May the foregoing provisions be reconciled?
Yes. In resolving the issue, the Supreme Court cited the case of Spouses
Algura vs. Local Government of the City of Naga in this manner:
When an application to litigate as an indigent is filed, the Court shall
scrutinize the Affidavits and supporting documents submitted by the
applicant to determine if there is compliance with the property and
income requirements under Section 19 of Rule 41. If the trial court
meets the income requirement, then it proceeds to grant the authority
to litigate as an indigent litigant.

However, if the court finds that one or both requirements have not
been met, then it would set a hearing to enable the applicant to prove
that he has no money or property sufficient for food, shelter and basic
necessities for himself and his family. In that same hearing, the adverse
party may adduce countervailing evidence.

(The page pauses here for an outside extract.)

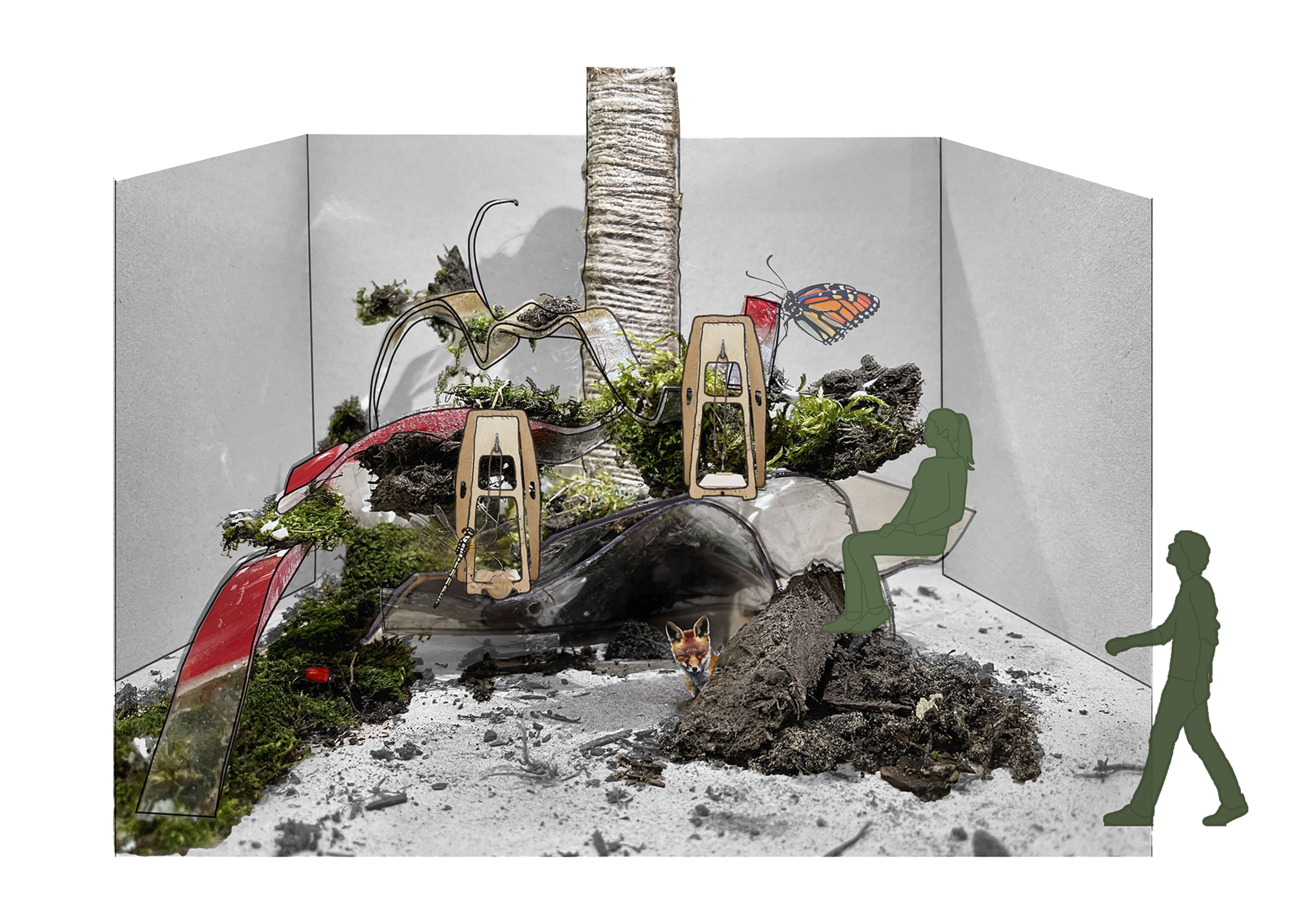 The Anthropocene Landscape is created through an earth plastic materiality that expresses the dominant human influenece on earth. It combines plastic, a man made product, overflowing our planet with nature.

Note that any falsity in the Affidavit of the litigant or the disinterested
person shall be sufficient cause to dismiss the complaint or action or to
strike out the pleading of that party, without prejudice to whatever
criminal liability may have been incurred.

-Issuance of a writ of execution,exception to Rule 39.



5) Attachment
-discharge can be effected by any of the following:
a)posting of counter-bond ( cash or surety);
b)improper or improvident issuance of the writ;
c)attachment bond is insufficient;
d) attachment bond is excessive.

- dissolution of the preliminary attachment does not result in the dissolution of the
attachment bond ( Phil-Air Conditioning Center vs. RCJ Lines and Rolando Abadilla,
Jr., G.R. No. 193821, November 23,2015)


6) Modes of Discovery (DIAPP)

-Through written interrogatories, a party may elicit from the adverse party facts or
matter that are relevant to the subject of the pending action. Like all the other modes of
discovery, the purpose of written interrogatories is to assist the parties in clarifying the
issues and in ascertaining the facts. On the other hand, the provision on Production and
Inspection of documents is intended not only to assist the parties but likewise to enable
the court to discover all the relevant and material facts in connection with the pending
subject matter ( Philhealth Insurance vs. Our Lady of Lourdes Hospital, G.R. No. 193158,
November 11, 2015).


-Written Interrogatories vis-à-vis the Judicial Affidavit Rule; submission of written
interrogatories a must ( Afulugencia vs. Metrobank, G.R.NO. 185145, February 5, 2014). A
party not served with written interrogatories may not be compelled t to give testimony in
open court, or give deposition pending appeal (id). This could be relaxed , however, by
good cause and to prevent failure of justice. ( Ng Meng Tam vs. Chinabank, G.R.No.
214054, August 5, 2015).

7) Deposition in a Civil case/ Conditional Examination or Deposition in a Criminal


Case ( People vs. Harry Go reiterating People vs Risos Vda De Manguerra, G.R.No.
185527, July 18,2012.

- Deposition in civil cases maybe conducted anywhere outside the court handling the case,
but not in criminal cases. The right to confrontation is a constitutional right that cannot be
taken away from the accused. The taking of deposition must be conducted only before the
court where the criminal case is pending.